Er und Eva gewöhnten sich rasch aneinander — ja, die stille Eva wurde zusehends heiterer und gesprächiger.
Der kräftige Junge half unermüdlich beim Einschleppen von Holzvorräten und beim Heuen und erwies sich auch beim Kräutersuchen und Wurzelgraben, beim Sammeln von Pilzen als gelehrig und geschickt. Besser denn je zuvor konnte die Stoderin ihrer Sammelarbeit nachgehen und zeitweise ihre Talwanderungen unbesorgt tagelang ausdehnen. Für die verlorene Ziege tauschte sie nach und nach mehrfach Ersatz ein, und Peter wurde ein verläßlicher Ziegenhirt, der seine kleine Herde beisammenzuhalten wußte. Die Tageszeiten las er vom Stand der Sonne ab; Größe und Gestalt des Mondes sagten ihm, welche Woche es war. Sein Verstand entwickelte sich im Laufe der nächsten Jahre durch die Anforderungen der Arbeit, durch Beobachtung der Wetterzeichen und nicht zuletzt durch die Erklärungen der alten Stoderin über die Wirkung der Gift- und Heilkräuter. Sie behandelte den Jungen bald wie einen verständigen Erwachsenen und besprach mit ihm alles, was mit ihrer und seiner Arbeit zusammenhing. Mit dreizehn Jahren war er ein tüchtiger Hirt, der den Muttertieren alle Sorgfalt angedeihen ließ. Je mehr die Stoderin den Buben liebgewann, um so öfter sprach sie zu ihm von ihren Heilerfolgen bei Menschen und Tieren; es war, als wollte sie ihm alle ihre Erfahrungen vererben. Was Peter im Gebirge an Wundern erschaute und erlauschte, verwob sich mit den Erzählungen der alten Frau zu einem Bild von der Welt, das reich an Vermutungen und Irrtümern war. Von dem, was er an der Seite der Mutter gelernt hatte, vergaß er vieles.

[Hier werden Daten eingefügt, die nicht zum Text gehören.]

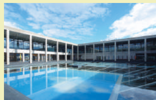
・越後妻有里山現代美術館 MonET Museum on Echigo-Tsumari, MonET

・たくさんの失われた窓のために For Lots of Lost Windows
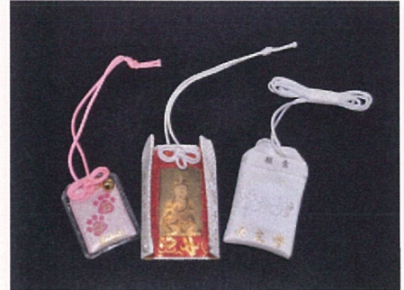
ユニークな御守の一部。左から、ペット用、扉が開き見えるタイプ、裏面ポケットに願意を入れて首から吊り下げるタイプ
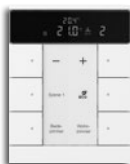
6-fach RTR-Slave 1

Alles Wissen der alten Stoderin von den Heilkräutern war ein Erbe vergangener Geschlechter und Zeiten und samt den Pflanzennamen, die an längst vergessene Götter, Holde und Trolle erinnerten, überliefert worden. Die Heckenrose, deren Gallen sie als Schlafmittel sammelte, nannte sie »Friggadorn«, die Hauswurz »Wodansbart«, die Mistel »Marentaken«, die Tollkirsche »Lokiwurz«. Die Blüten der Ragwurz, »Frauentränen«, gemahnten an die »Liebe Frau« der Vorfahren, an Freia, die als blaublühende »Wegwarte« der Heimkehr ihres Gatten Odin harrt.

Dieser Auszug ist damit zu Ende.